Ответом было молчание.

– Тогда – в Софию!

Лица собравшихся выразили изумление. Великий решил помолиться? Известно, что князь набожен, но сейчас? Молебен – благое дело, но попы и сами справятся. Не до этого!

– Зачем? – не удержался Ярослав.

– Крест целовать! Прилюдно. Чтоб весь Киев видел!

– Кому? – удивился Давыд.

– Князю Ивану! – ответил Святослав.

6

В Звенигород пришлось возвращаться спешно: обстоятельства требовали. По уму следовало пробыть во Владимире седмицу-другую: вникнуть в состояние дел, разобраться с боярами и осколками княжьих родов, прикинуть, на кого можно опереться, а на кого – нет. После чего первых возвысить, а вторых – задвинуть куда дальше. Не вышло. Все испортил Войцех. На другой день после взятия Владимира он явился в хоромы и потребовал встречи с князем.

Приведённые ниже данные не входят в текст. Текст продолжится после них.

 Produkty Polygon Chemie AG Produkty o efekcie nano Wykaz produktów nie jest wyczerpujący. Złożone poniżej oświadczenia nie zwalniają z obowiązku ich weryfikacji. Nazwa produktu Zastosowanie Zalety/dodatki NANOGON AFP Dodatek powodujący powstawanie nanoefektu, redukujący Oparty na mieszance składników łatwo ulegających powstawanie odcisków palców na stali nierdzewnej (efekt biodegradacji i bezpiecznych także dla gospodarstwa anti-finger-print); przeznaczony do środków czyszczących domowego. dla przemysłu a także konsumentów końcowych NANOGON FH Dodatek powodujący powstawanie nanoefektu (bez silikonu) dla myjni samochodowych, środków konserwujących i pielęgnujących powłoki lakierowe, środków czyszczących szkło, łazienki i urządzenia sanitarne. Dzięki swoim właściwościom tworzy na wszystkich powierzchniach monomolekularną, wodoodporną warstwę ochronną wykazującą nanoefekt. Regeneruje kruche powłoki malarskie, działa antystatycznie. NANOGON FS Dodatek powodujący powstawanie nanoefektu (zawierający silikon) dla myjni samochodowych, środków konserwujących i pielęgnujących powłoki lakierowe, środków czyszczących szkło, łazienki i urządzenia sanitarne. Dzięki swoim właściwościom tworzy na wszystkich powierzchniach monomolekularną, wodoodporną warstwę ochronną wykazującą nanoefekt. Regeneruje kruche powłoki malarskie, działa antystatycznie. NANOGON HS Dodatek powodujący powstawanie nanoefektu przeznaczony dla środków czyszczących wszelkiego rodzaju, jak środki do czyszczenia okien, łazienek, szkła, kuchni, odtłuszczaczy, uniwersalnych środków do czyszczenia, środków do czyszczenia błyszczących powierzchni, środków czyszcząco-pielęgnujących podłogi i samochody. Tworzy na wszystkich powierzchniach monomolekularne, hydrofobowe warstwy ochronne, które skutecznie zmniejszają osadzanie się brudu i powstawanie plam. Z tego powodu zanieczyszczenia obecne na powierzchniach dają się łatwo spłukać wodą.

Иван предполагал, что воевода станет просить за ляхов (ему позволили оставить из прежней дружины малую часть), однако Войцех заговорил о другом.

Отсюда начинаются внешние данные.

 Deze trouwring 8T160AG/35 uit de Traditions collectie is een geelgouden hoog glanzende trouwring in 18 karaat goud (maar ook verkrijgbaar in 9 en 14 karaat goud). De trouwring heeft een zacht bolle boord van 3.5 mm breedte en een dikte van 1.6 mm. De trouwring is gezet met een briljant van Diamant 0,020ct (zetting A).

– Киев готовит поход на Галич! – сказал, едва переступив порог.

– Почем ведаешь? – насторожился Малыга, переглянувшись с Иваном.

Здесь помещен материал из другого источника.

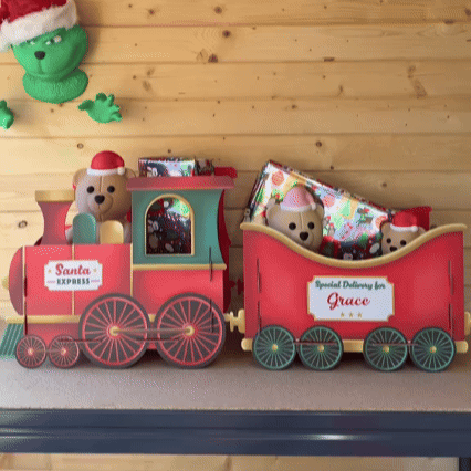 SĂ€g adjö till trĂ„kiga presentaskar och hej till Tomtens presenttĂ„g â ett fantasifullt pepparkaksliknande jultĂ„g som Ă€r byggt för att bĂ€ra din familjs glĂ€dje . Med rymliga vagnar designade för att hĂ„lla presenter, godis eller plyschleksaker, och anpassningsbara namnklistermĂ€rken , blir detta tĂ„g en hjĂ€rtevĂ€rmande del av din jultradition.

– У Болеслава в Киеве свой человек! – пояснил лях, присаживаясь на лавку. – Был, – поправился тут же. – При Великом князе состоит.

– Кто?

– Горыня.

– Первый воевода! – ахнул Малыга. – Вот стерво!

– Серебро любит! – пояснил лях, улыбнувшись уголками губ.

«Это он нас уел! – понял Иван. – Дескать, у вас даже воеводы продажные. И ведь не возразишь!»

– Как разумеешь, княже, Болеслав Великого опасался, – продолжил Войцех, согнав с лица улыбку. – Не простил бы тот захват Волыни. Болеславу знать следовало, что в Киеве замышляют. Не жалел серебра. У него и другие люди в Киеве имелись. Донесли, что Великий собирает войско. Снеслись с Горыней; а тот успокоил: не на Волынь, а в Галич намерились. Потому и вышло у тебя, княже, с осадой – не ждали.

«Оправдывается! – понял Иван. – Не может успокоиться, что город отняли».

– Кого Великий призвал? – спросил Малыга.

– Князей Смоленского, Черниговского, Белгородского, Новгород-Северского и Курского.

– Три тысячи конной дружины, – прикинул Малыга, – если не более. А ежели и бояр собрали… Спаси тебя Бог, воевода! – он поклонился Войцеху. – Не забудем!

Лях с достоинством откланялся и вышел. По его уходу в гриднице воцарилась тишина. «Твою мать! – думал Иван. – Никак не угомонятся! А чего ты хотел?! – одернул он себя. – Безродному позволят властвовать? Да их кошмары замучают! Рюриковичи княжат более двухсот лет, потомков наплодили – девать некуда, а тут смерд расселся на Галицком столе. Костьми лягут, железо грызть будут, но не успокоятся».

Иван глянул на Малыгу. Тот задумчиво водил пальцем по столу, рисуя какие-то фигуры, и, похоже, не спешил давать воспитаннику советы. «Хорошо, что взяли Волынь и переманили Войцеха, – подумал Иван. – Не то Великий свалился бы сполохом. Отбиться отбились бы, да большой кровью. Это тебе урок! – сделал вывод. – Разведку надо ставить! Как у Болеслава и лучше. Дядя Саша не раз говорил: разведчик спасает тысячи жизней. В двенадцатом веке или двадцать первом – без разницы».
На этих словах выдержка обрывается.